BEGIN INFORMATION SUPPLIED
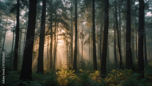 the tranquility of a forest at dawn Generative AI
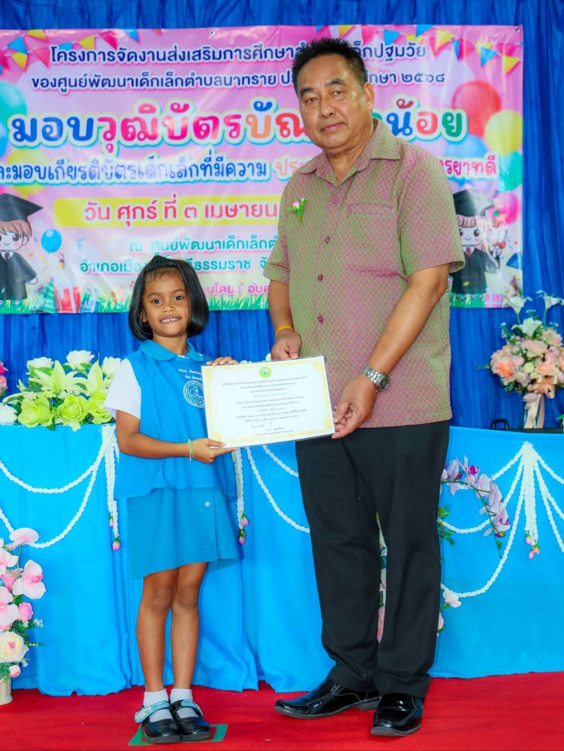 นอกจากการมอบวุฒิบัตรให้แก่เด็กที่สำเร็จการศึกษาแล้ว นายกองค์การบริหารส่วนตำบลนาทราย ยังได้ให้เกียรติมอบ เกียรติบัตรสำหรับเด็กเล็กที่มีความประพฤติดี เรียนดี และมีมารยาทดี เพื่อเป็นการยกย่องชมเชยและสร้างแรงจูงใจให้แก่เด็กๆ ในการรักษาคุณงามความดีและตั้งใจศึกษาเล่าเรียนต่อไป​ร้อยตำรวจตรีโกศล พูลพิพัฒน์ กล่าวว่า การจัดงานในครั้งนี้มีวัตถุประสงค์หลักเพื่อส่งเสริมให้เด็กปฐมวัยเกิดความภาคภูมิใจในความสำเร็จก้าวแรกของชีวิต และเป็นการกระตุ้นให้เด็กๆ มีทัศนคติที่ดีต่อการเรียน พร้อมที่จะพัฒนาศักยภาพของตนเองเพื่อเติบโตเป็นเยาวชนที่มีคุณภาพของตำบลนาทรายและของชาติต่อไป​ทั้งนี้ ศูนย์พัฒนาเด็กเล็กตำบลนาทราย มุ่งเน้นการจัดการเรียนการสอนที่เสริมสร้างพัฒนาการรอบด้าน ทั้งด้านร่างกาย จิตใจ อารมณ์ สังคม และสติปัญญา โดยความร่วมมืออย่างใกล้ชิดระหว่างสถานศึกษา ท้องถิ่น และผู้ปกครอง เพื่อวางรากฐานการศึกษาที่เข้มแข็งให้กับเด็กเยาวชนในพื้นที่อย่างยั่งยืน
END INFORMATION SUPPLIED
BEGIN INFORMATION SUPPLIED
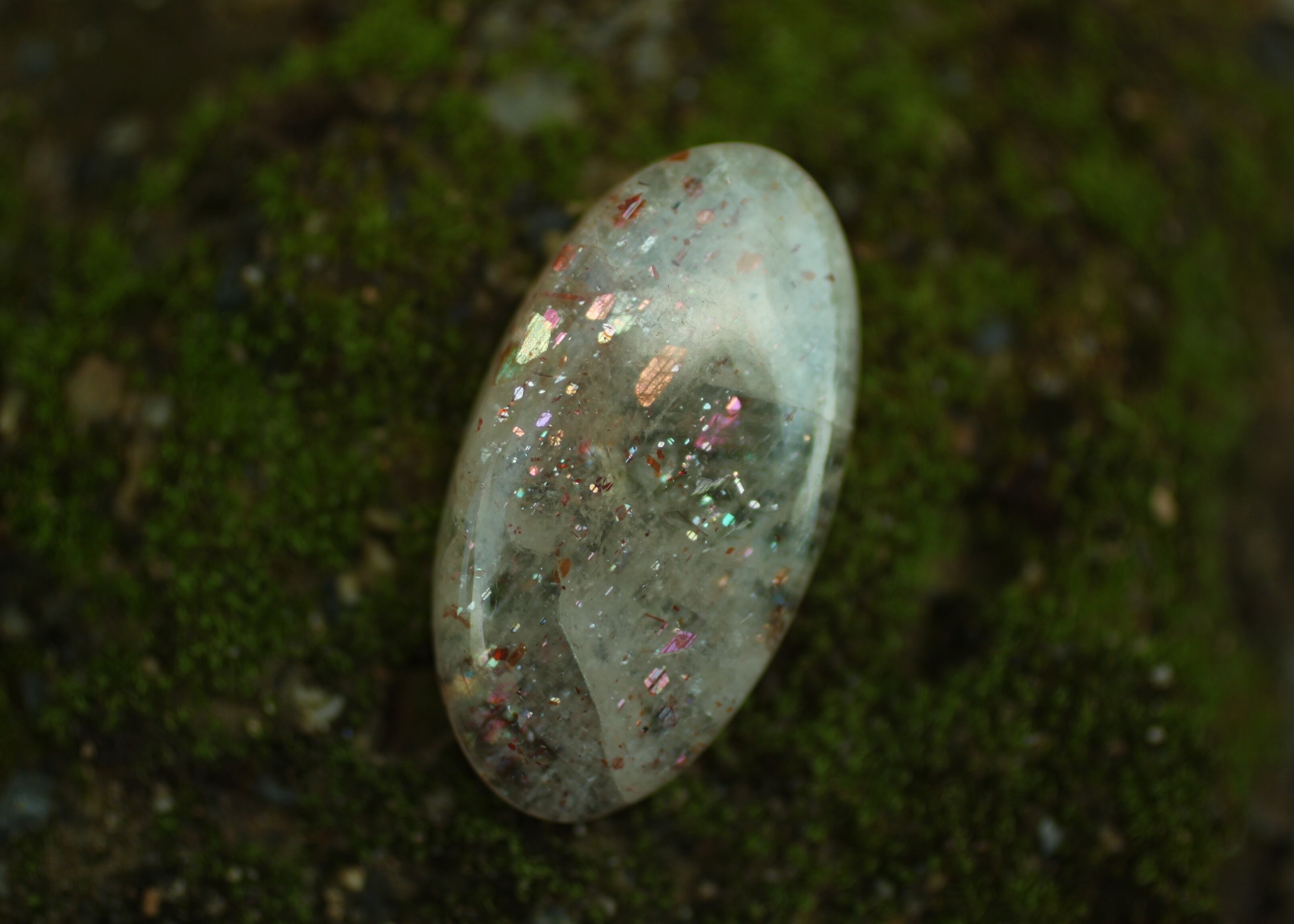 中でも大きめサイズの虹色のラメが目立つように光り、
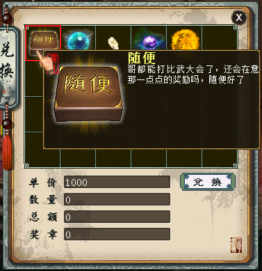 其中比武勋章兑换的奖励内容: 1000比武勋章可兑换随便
END INFORMATION SUPPLIED
AIM OF THE EXERCISE ::
The answer must be the part of the records that opens with the line containing "the tranquility of" and closes with the line containing "ทั้งด้านร่างกาย จิตใจ อารมณ์", reproduced exactly, with no pictures.

TASK OUTPUT ::
 the tranquility of a forest at dawn Generative AI
 นอกจากการมอบวุฒิบัตรให้แก่เด็กที่สำเร็จการศึกษาแล้ว นายกองค์การบริหารส่วนตำบลนาทราย ยังได้ให้เกียรติมอบ เกียรติบัตรสำหรับเด็กเล็กที่มีความประพฤติดี เรียนดี และมีมารยาทดี เพื่อเป็นการยกย่องชมเชยและสร้างแรงจูงใจให้แก่เด็กๆ ในการรักษาคุณงามความดีและตั้งใจศึกษาเล่าเรียนต่อไป​ร้อยตำรวจตรีโกศล พูลพิพัฒน์ กล่าวว่า การจัดงานในครั้งนี้มีวัตถุประสงค์หลักเพื่อส่งเสริมให้เด็กปฐมวัยเกิดความภาคภูมิใจในความสำเร็จก้าวแรกของชีวิต และเป็นการกระตุ้นให้เด็กๆ มีทัศนคติที่ดีต่อการเรียน พร้อมที่จะพัฒนาศักยภาพของตนเองเพื่อเติบโตเป็นเยาวชนที่มีคุณภาพของตำบลนาทรายและของชาติต่อไป​ทั้งนี้ ศูนย์พัฒนาเด็กเล็กตำบลนาทราย มุ่งเน้นการจัดการเรียนการสอนที่เสริมสร้างพัฒนาการรอบด้าน ทั้งด้านร่างกาย จิตใจ อารมณ์ สังคม และสติปัญญา โดยความร่วมมืออย่างใกล้ชิดระหว่างสถานศึกษา ท้องถิ่น และผู้ปกครอง เพื่อวางรากฐานการศึกษาที่เข้มแข็งให้กับเด็กเยาวชนในพื้นที่อย่างยั่งยืน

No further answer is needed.